The capability to spot cancerous growths in the body before the cells get multiplied and spread is crucial for efficient intervention measures. Medical technology firms are currently shifting to a new array of nanotechnologies that may help in spotting cancer cells years earlier than present techniques.

Current Constraints

Instead of using extracted tissue samples within the body, present non-invasive in vivo imaging methods usually depend on intravenous or oral dosing of signal amplification agents that help in producing more distinctive and detailed images of infected tissues. Nevertheless, diagnosis of early-stage diseases is usually not so effective because of the following problems:

  • Poor sensitivity of numerous agents implies that they cannot spot trace amounts of the infected tissue
  • More routine and larger doses must be given, or else the agents would degrade
  • Toxicity issues may arise when agents have poor specificity towards the target cells and instead target healthy tissues

Use of Nanotechnology

The use of nanoparticles as new amplification agents is considered to provide several advantages. Specific, site-targeted delivery of drugs and agents could be achieved because of the potential to functionalize polymer-coated nano-shells, gold nanospheres, and dendrimers.

Since these materials are basically small in size, they are easily delivered to the target cells. This should result in lower0dose requirements as well as important signal amplification, offering the potential to spot, for instance, atherosclerotic plaques or primary tumors at a relatively earlier stage of development.

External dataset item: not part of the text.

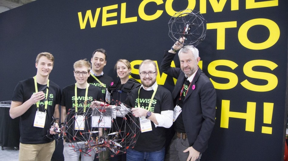 This week, a humming noise can be heard at CES in Las Vegas every couple of hours—that is when the drones emerge at the Swiss Pavilion. While the noise may intrigue some onlookers, others have particularly come to watch the demonstrations that take place for 15 minutes, which are introduced by the head of Presence Switzerland, Nicolas Bideau. However, the 200 m² area spread around the stand is not sufficiently large to house all the spectators, some of whom try to catch a glimpse of the action, standing on their tiptoes in the aisles. In every demonstration and the subsequent follow-up Q&A session, it is evident that these aircraft—the majority of which were created at EPFL—are attracting a great deal of interest from professionals searching for potential investment opportunities or partnerships.
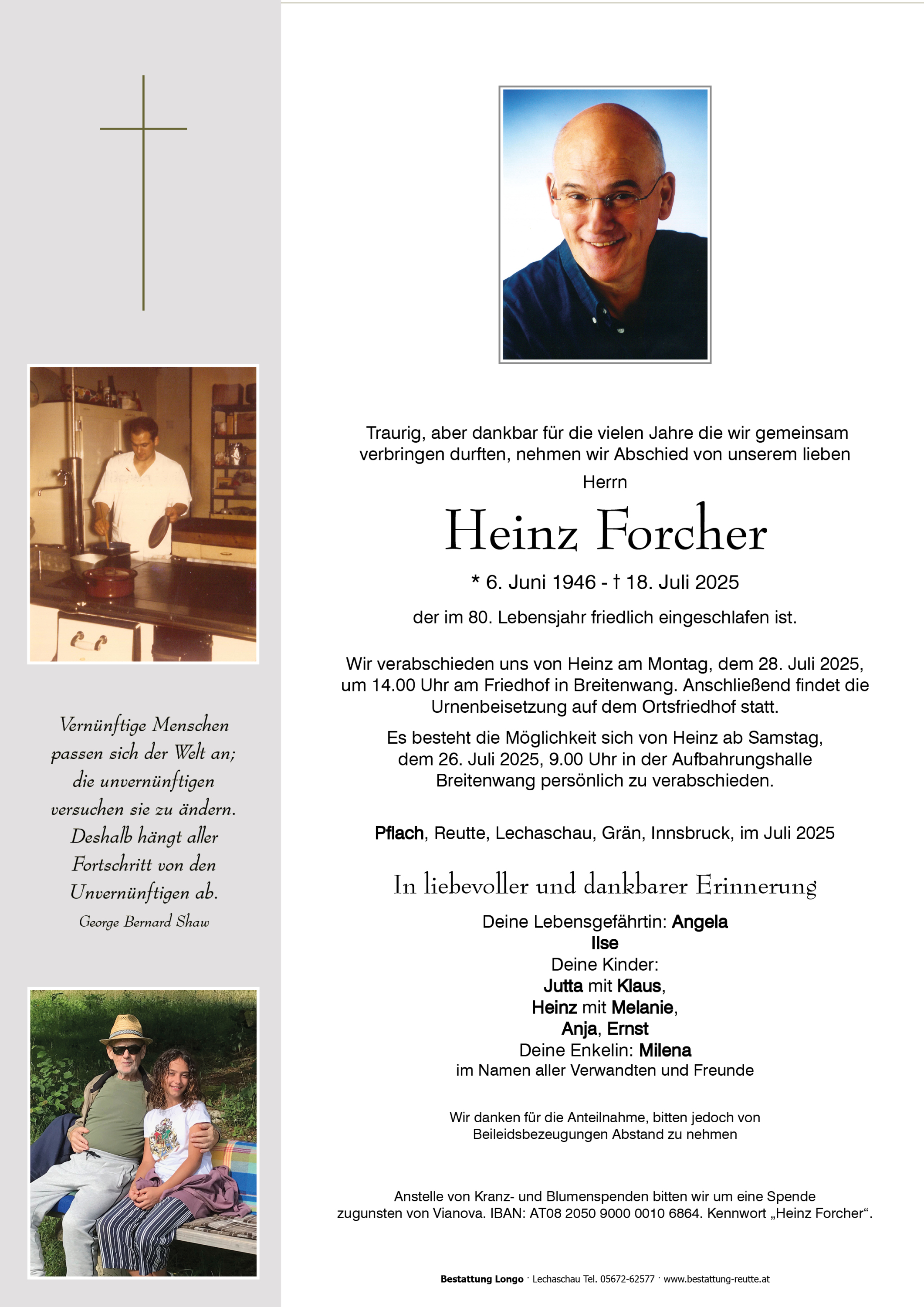 Mit dem Verlust eines geliebten Menschen verliert man viel, aber niemals die schönen Erinnerungen an die gemeinsam verbrachte Zeit! In unseren Herzen tragen wir Heinz weiter!

The nanoparticles are later used in combination with established imagining methods like positron emission tomography (PET), magnetic resonance imaging (MRI), and computed tomography (CT). Companies like Schering AG, Pfizer, and The Dow Chemical Company are engaged in the formulation of nanoparticle agents, facilitating significant developments in molecular imaging.

Victorian Activities

Australia and Victoria have well-known capabilities, both in the advancement of therapeutic and medical diagnostic systems, and in the preparation of new nanoscale particles.

Several teams have already developed significant technologies that will enable the development of next-generation imaging; for instance, the multifunctional polymer particles created by Professor Gareth Forde at Monash University, the encapsulated nanoparticle systems developed by Professor Frank Caruso at the University of Melbourne, and fluorescent nanoparticles (quantum dots) synthesized by Professor Paul Mulvaney.

The significance of these methods has been acknowledged by Nanotechnology Victoria (NanoVic), which is now working to introduce an important initiative in the field of in vivo imaging. Such imaging captures a few of the key current developments and may eventually lead to a commercial product for worldwide markets.

Cardiovascular Disease Diagnosis

For NanoVic, one specific area of focus will be the use of these emerging technologies for diagnosing early-stage cardiovascular disease, which impacted more than 3.7 million Australians in 2004. By 2014, this figure is expected to increase by two-fold. Currently, the government’s expenditure to cover direct costs related to heart failure in Australia alone amounts to about $4 billion per year.

It is expected that diseased blood vessels would be detected in the early stage through the use of bio-functionalized nanospheres loaded with contrast agents. By administrating preventative treatments to patients who are at high risk of developing cardiovascular diseases, the incidence of acute events like heart failure and stroke can be reduced and this would also have a significant effect on related healthcare expenses.